N. V., giornalista del circuito Indymedia: Sta filmando il
corteo con una telecamere quando viene ferito e portato all'ospedale
Pellegrini insieme ad un amico. Viene portato alla caserma Raniero, qui gli
strappano la telecamera e lui chiede un verbale di sequestro. "Uno dei
poliziotti gli disse che non doveva fare il furbo e che lo avrebbe portato
nella stanza delle torture. Fu accompagnato in bagno per la perquisizione e
un poliziotto vedendo la sua tessera di Indymedia gli disse che quello era
un covo di comunisti e cominciò a picchiarlo, erano in tre a perquisirlo e
tutti e tre continuarono a colpirlo". Gli trovarono una seconda
videocassette, lui protestò e "partirono calci e pugni. Una quarta persona
lo afferrò per i capelli e gli infilò con forza la testa in un lavabo pieno
di urina, ma lui riuscì a non sporcarsi troppo perché la testa urtava
contro il rubinetto".
L. A.. Arrivò in caserma verso le 12,30. "Un agente in borghese le
dava una manata sul viso che le cagionava dolore protrattosi per oltre un
mese. Ha sentito che un ragazzo è stato picchiato con una sedia sulla
schiena e poi è stato picchiato da tre agenti a calci, uguale trattamento
ha ricevuto una ragazza giunta con lui".
S. C. Ha una parapresi spastica agli arti inferiori e
l'occhio destro atrofico. Durante una carica è stato ferito, portato
all'ospedale Loreto Mare, è stato prelevato e trasferito alla caserma
Raniero "dove è stato accolto da un gruppo di poliziotti che gli hanno
sputato addosso". "In bagno è stato fatto spogliare e sottoposto ad
ispezione anale, ha ricevuto ancora calci ma ormai non ci faceva più caso".

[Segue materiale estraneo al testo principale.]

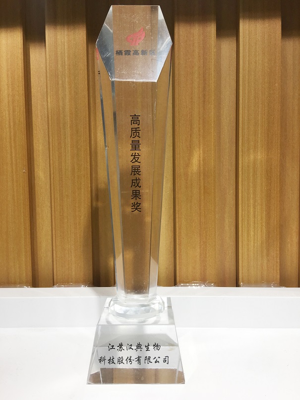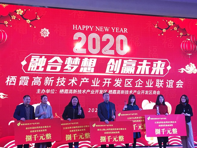 2020年1月16日,由栖霞高新技术产业开发区主办的“融合梦想.创赢未来”2020栖霞高新区新春企业联谊会在紫东生态会议中心举行,作为栖霞高新区的企业代表,江苏汉典生物科技股份有限公司出席了本次联谊会。并在此次联席会上获得栖霞高新区颁发的“高质量发展成果奖”。

Quando i poliziotti hanno scoperto la sua tessera di iscritto
all'associazione ciechi "hanno moderato un po' i toni".
F. C. Lavora da Mc Donalds e quel giorno stava andando al
lavoro, mentre scattava qualche foto della manifestazione è stato fermato,
"trascinato in questura, nel cortile, dove è stato preso a calci e
manganellate". Rilasciato si avviò verso la Cumana per tornare a casa, ma
stava male e si fermò in ospedale. "Dove è stato medicato e fermato da
alcuni poliziotti in borghese. Veniva condotto presso la caserma Raniero
dove un poliziotto lo ha subito pesantemente minacciato; lui si è
aggrappato ad un graduato chiedendo di non essere perquisito da quel
poliziotto. E' stato condotto in bagno e fatto spogliare nudo, ha ricevuto
pugni e botte e ha visto che ad alcuni ragazzi strappavano il piercing".
A. C., procuratore legale. Quel giorno accompagnò una sua amica
all'ospedale Pellegrini. Da qui viene prelevato e portato in caserma. "Dove
è stato accolto da un gruppo di poliziotti con sputi, sgambetti, ingiurie e
minacce. Fu costretto ad inginocchiarsi con la faccia al muro con altre 15
persone. Gli agenti sputavano al loro indirizzo, li picchiavano dietro la
testa e li prendevano a calci. Le ragazze venivano minacciate di violenza
sessuale. Un gruppo di 7-8 persone si accaniva contro di lui proprio perché
avevano saputo che era un avvocato. Fu condotto in bagno con un suo amico e
costretto a denudarsi e a fare flessioni. Quando pensava che l'atmosfera si
fosse rilassata veniva richiamato alla scrivania, fatto inginocchiare e
trascinato per una seconda perquisizione, lo facevano nuovamente spogliare
e lo spingevano dall'uno all'altro, lo mettevano faccia a terra con i
pantaloni calati e sentiva che entravano altre persone. Aveva colpi alla
schiena, telefono ed occhiali venivano distrutti". Cioffi, è entrato in
caserma all'una, lo hanno rilasciato alle sette di sera.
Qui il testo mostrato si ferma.